10.4 Separating "spec" from "conversation"
Overview and links for this section of the guide.
On this page
Why spec and conversation get mixed (and why it hurts)
In fast iteration, you chat, brainstorm, change your mind, and refine requirements. That’s normal. The problem is when the model treats every sentence of that conversation as a binding requirement.
This creates drift:
- old constraints linger and conflict with new ones,
- the model “remembers” a casual idea as a requirement,
- you forget what was agreed and what was just brainstorming.
Separate the authoritative spec from the conversation and keep it stable.
The principle: one authoritative spec block
Maintain a single “spec block” that you treat as the source of truth. Everything else is discussion.
In practice, that means:
- you paste the spec block at the top of the task prompt,
- you update it deliberately when requirements change,
- you instruct the model to ignore earlier conversation if it conflicts with the spec block.

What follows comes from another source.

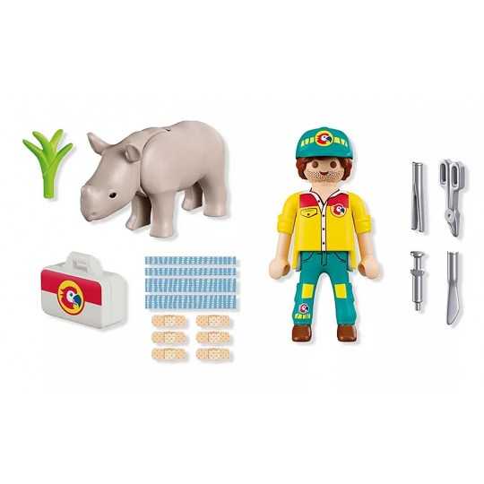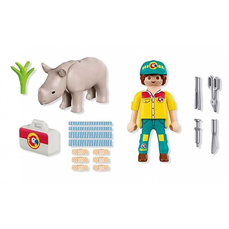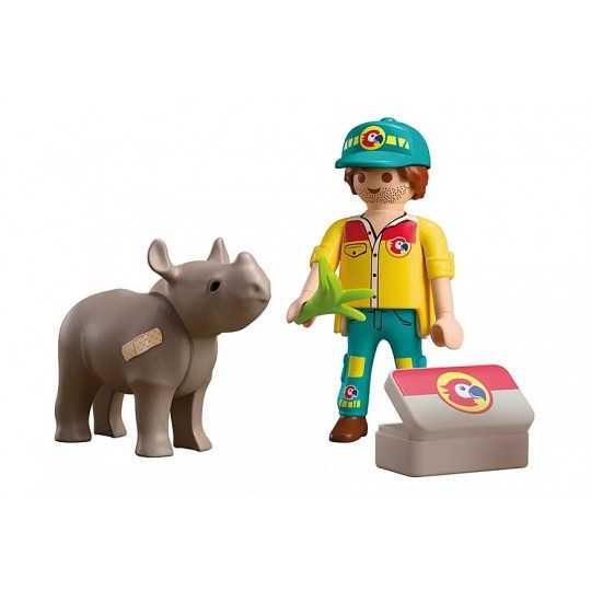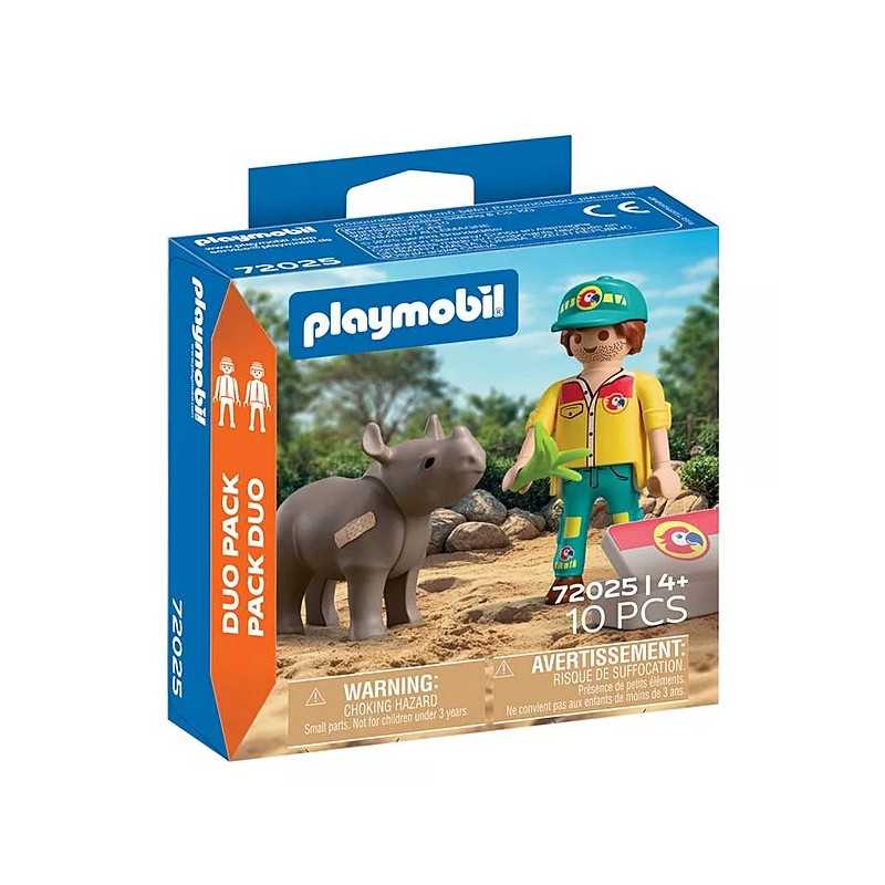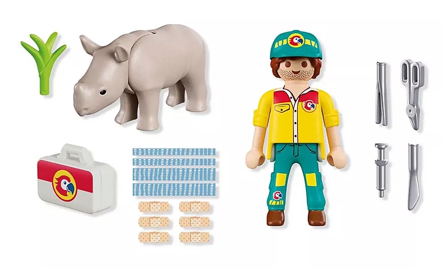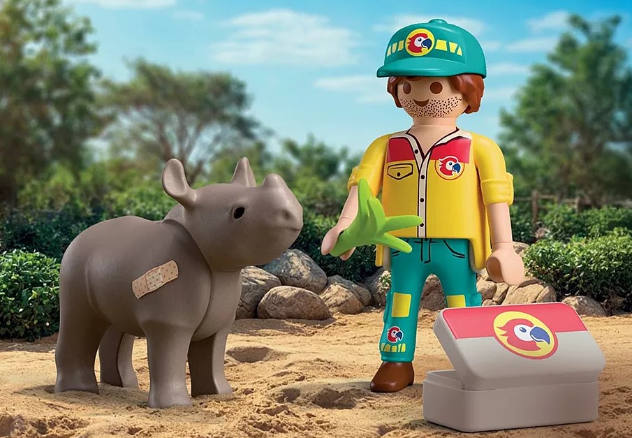 DuoPack STRAŻNIK LEŚNY Z NOSOROŻCEM to poruszający zestaw dla dzieci, który wprowadza w świat troski o dzikie zwierzęta i odpowiedzialnej opieki. Scenka z młodym nosorożcem wymagającym pomocy pozwala dziecku wcielić się w rolę opiekuna, który dba o zdrowie i bezpieczeństwo swojego podopiecznego. To idealna propozycja dla małych miłośników przyrody i zwierząt. Zabawa koncentruje się na empatii i uważności. Strażnik leśny korzysta z walizki lekarskiej i narzędzi medycznych, by pomóc rannemu zwierzątku wrócić do formy. Ruchoma głowa nosorożca oraz możliwość użycia plastrów sprawiają, że scenka nabiera realizmu i zachęca do odgrywania opiekuńczych sytuacji. Dziecko uczy się, że pomoc i cierpliwość mają znaczenie, a każda czynność wpływa na samopoczucie zwierzęcia. Prezentowany zestaw Playmobil wspiera rozwój emocjonalny dziecka, pobudza wyobraźnię i buduje pozytywne postawy związane z opieką nad zwierzętami.

This is one of the strongest anti-drift tools you have. It keeps the loop fast and prevents instruction accumulation.
A reusable spec block template
SPEC (authoritative)
Goal:
[One sentence.]
Constraints:
- Language/runtime: [...]
- Dependencies: allowed [...], forbidden [...]
- Files in scope: [...]
- Non-scope: [...]
- Style: [...]
- Safety: no secrets; no unsafe dynamic execution; safe logging
Acceptance criteria:
- [...]
Output requirements:
- For code changes: diff-only
- Keep diffs small; plan first for non-trivial tasks
END SPEC
Then you add a separate section for conversation notes if needed:
NOTES (non-authoritative)
- [brainstorming ideas]
- [optional future work]
- [questions]
How to iterate without drifting
When you iterate:
- Update the spec block first (if requirements changed).
- Ask the model to restate assumptions and confirm constraints.
- Ask for a plan, then implement in small diffs.
- Run verification and paste evidence back.
This keeps iteration fast because each loop starts from an aligned, compact state.
Handoffs and context resets
When switching models or restarting a session, the spec block becomes your handoff packet. Paste:
- the spec block,
- the minimal relevant code slice,
- the current failing output (if debugging).
This avoids re-pasting entire chat history and prevents confusion.
Chat history is messy. Specs are crisp. Keep them separate.